Data is stored on the ring

Next we need to store our data on the ring. Suppose we have four servers, hash the IP addresses of the servers to the following location on the ring.

After determining the location of the server, we use the same hash algorithm to hash the key value of the data to be stored, and the hash value obtained is mapped to the ring. If there is no mapping to the server, we search clockwise and fall to the first server found.

According to this rule, we can see that data A corresponds to Node A, B corresponds to Node B, C corresponds to Node C, and D corresponds to Node D.

Resolve the problem of adding or deleting servers

Now let’s assume that node C goes down and A, B, and D remain normal, then object C will be relocated to node D. Therefore, in the consistent Hash algorithm, if a server is unavailable, only the data from this server to the previous server will be affected, as shown below:The other option is to add a server Node X to the system, as shown below:

In this case, A, B, and D are not affected.
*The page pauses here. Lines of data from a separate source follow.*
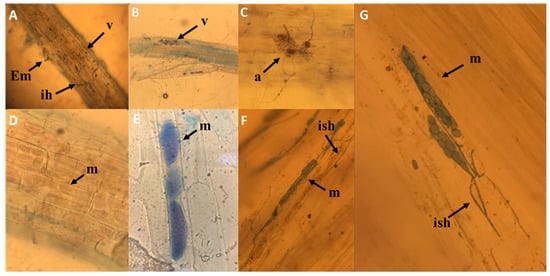 Although to different extents, all root samples examined showed endophyte colonization as observed via direct microscopy (Figure 5). In the seven images of Figure 5, it is possible to note also the presence of mycorrhizal colonization often associated with endophytic colonization in the same roots, highlighting vesicles and arbuscules.
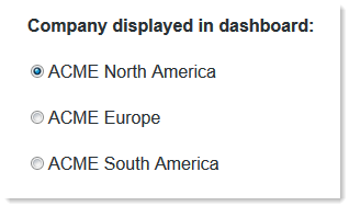 The radio buttons would display as follows in the Axiom form. In this case, the ACME North America button is selected by default (due to enabling Is Selected in Group). The user can click on another radio button in this group to select that option and clear the ACME North America option.
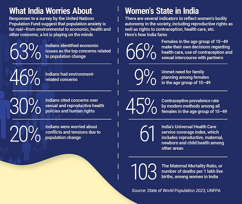 Social scientist and demographer Shireen Jejeebhoy, in an interaction with Outlook India in November last year, spoke about the excitement around India becoming the most populous country in the world which has caused some alarm in many quarters of the country. “Maybe some are using this as an opportunity to call for a two-child norm policy and penalties on those who have more. This is clearly a violation of people’s reproductive rights, as India has committed itself to people’s right to bear the children they want, without any interference or pressure,” she said.
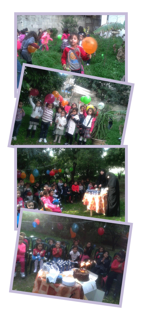 بمشاركة أكثر من 40 برعمة أقام فوج السيدة الزهراء(عليها السلام)/حارة صيدا في منطقة جبل عامل الثانية احتفالاً في أجواء ولادة السيدة زينب(عليها السلام) في حديقة الفوج التي ملأتها الزينة،وأقيمت للفتيات بعض الفقرات الفنية والترفيهية،وحول قالب زيّن بالشموع اجتمعت أياديهن البريئة وقطّعت قالب حلوى الولادة.
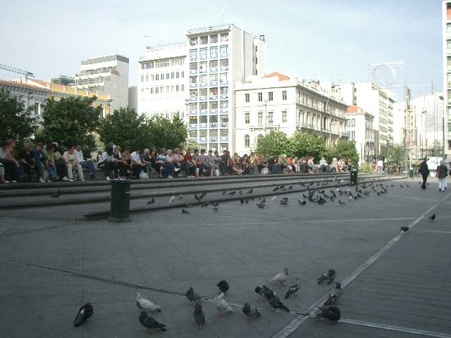 オモニア広場もこじんまりとした広場です。鳩の多いのが特徴ですが、長大なベンチがひとつあり、そこに人が横一列になって座っています。面白い光景です。いかにも、のんびりとした、ギリシャ人の国民性をかんじます。
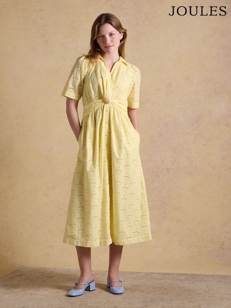 Joules Marina Brown Polka Dot Midi Linen Blend Dress

Only object C needs to be relocated to the new node X. If a server is added, only the data between the new server and the previous server in its ring space is affected, and no other data is affected.
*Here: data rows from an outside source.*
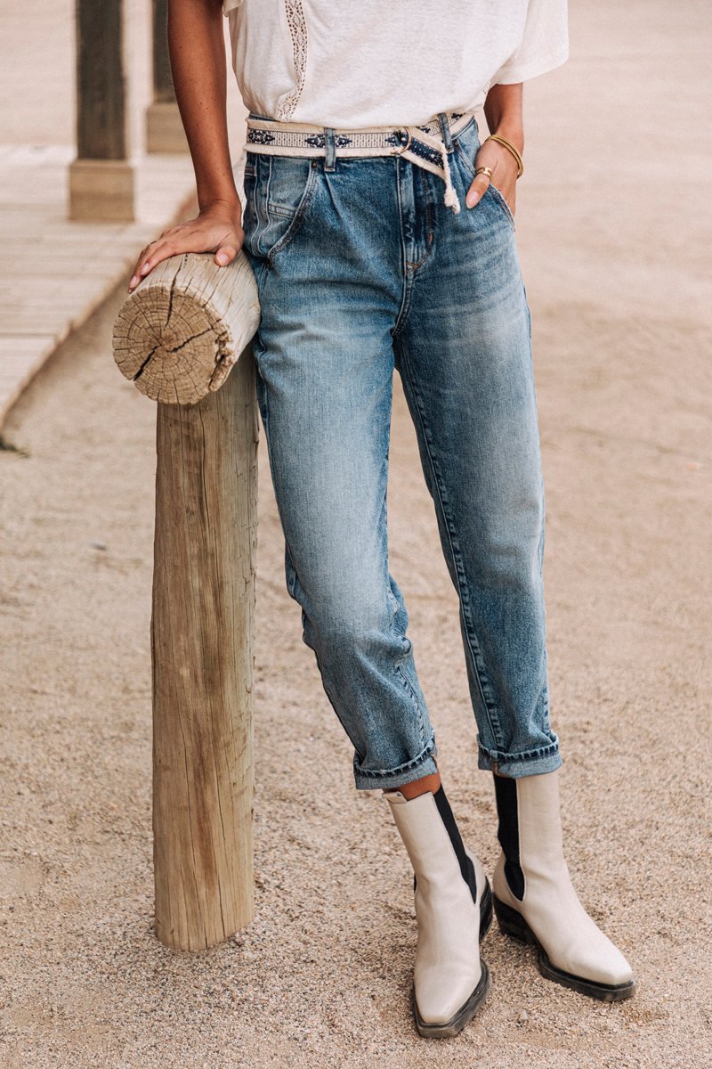 Jean mom 7/8 taille haute Natasha - Bleu clair
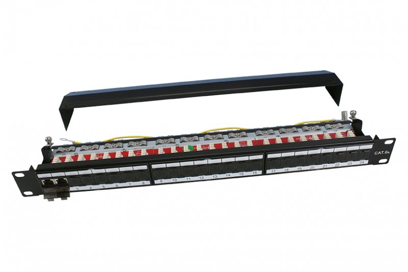 Patch panel L 19" C6A FTP 24P 1U BK IDC: KRONE W/O CAP zadní kabelový management ROHS
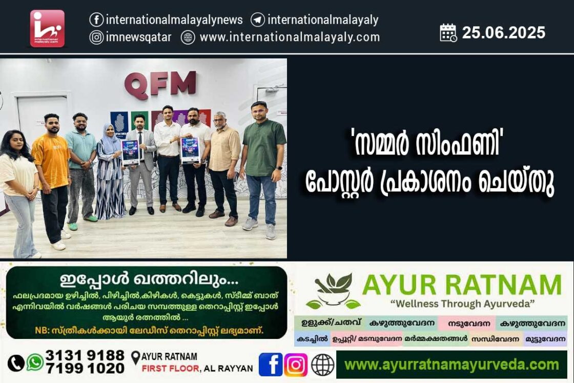 ദോഹ. പ്രവാസി വെല്ഫെയര് സാഹോദര്യ കാലത്തിന്റെ ഭാഗമായി സംഘടിപ്പിക്കുന്ന ‘സമ്മര് സിംഫണി’ സംഗീത വിരുന്നിന്റെ പോസ്റ്റര് പ്രകാശനം പരിപാടിയുടെ മുഖ്യ പ്രായോജകരായ ഓട്ടോ ഫാസ്റ്റ് ട്രാക്ക് മാനേജിംഗ് ഡയറക്ടര് ഷിയാസ് കൊട്ടാരം , റിയാദ മെഡിക്കല്സ് സെന്റര് മാര്ക്കറ്റിംഗ് ഹെഡ് അല്ത്താഫ് എന്നിവര് ചേര്ന്ന് നിര്വ്വഹിച്ചു. സംഗീത ലോകത്തെ യുവ പ്രതിഭകളായ ജാസിം ജമാല്, നിഹാരിക, മുര്ഷിദ് അഹമ്മദ് എന്നിവര് ഒരുക്കുന്ന സമ്മര് സിംഫണി ജൂണ് 26 വ്യാഴാഴ്ച വൈകീട്ട് 7 മണിക്ക് അബൂഹമൂറിലെ ഐ.സി.സി അശോക ഹാളില് നടക്കും. പ്രവേശനം സൗജന്യമാണ്.

Data skew of the Hash ring

The consistent hash algorithm also has its drawbacks. When there are too few service nodes, data skew may occur due to uneven node distribution (most cached objects are cached on one server in a centralized manner). For example, there are only two servers in the system, and their ring distribution is as follows:Our idea of A clockwise search results in A large amount of data being concentrated on node A and A very small amount being located on node B. So how to solve the consistent hash algorithm? Virtual node mechanism is introduced, that is, multiple hashes are calculated for each service node, and one service node is placed in each computed result position, which is called virtual node. This can be done by adding a number after the server IP address or host name.

For example, three virtual nodes can be calculated for each server, namely “Node A#1”, “Node A#2”, “Node A#3”, “Node B#1”, “Node B#2”, and “Node B#3”, thus forming six virtual nodes.The data location algorithm remains unchanged, but A mapping step is added from virtual nodes to actual nodes. For example, data on Node A#1, Node A#2, and Node A#3 are all located on Node A. This solves the problem of data skew when there are few service nodes. In practical applications, the number of virtual nodes is usually set to 32 or more, so even data distribution can be achieved even with a few service nodes.

Adding virtual nodes can solve this problem, but the problem of hash skew still exists. However, as the number of virtual nodes increases, the occurrence of hash match failure is minimized. Consistent hash algorithm formula: 1-n/(n + m) x 100%. N represents the real Redis node, and M represents the added virtual node. As the number of virtual nodes increases, the number of hit failures decreases.

conclusion

The application of the consistent hash algorithm on Redis is over.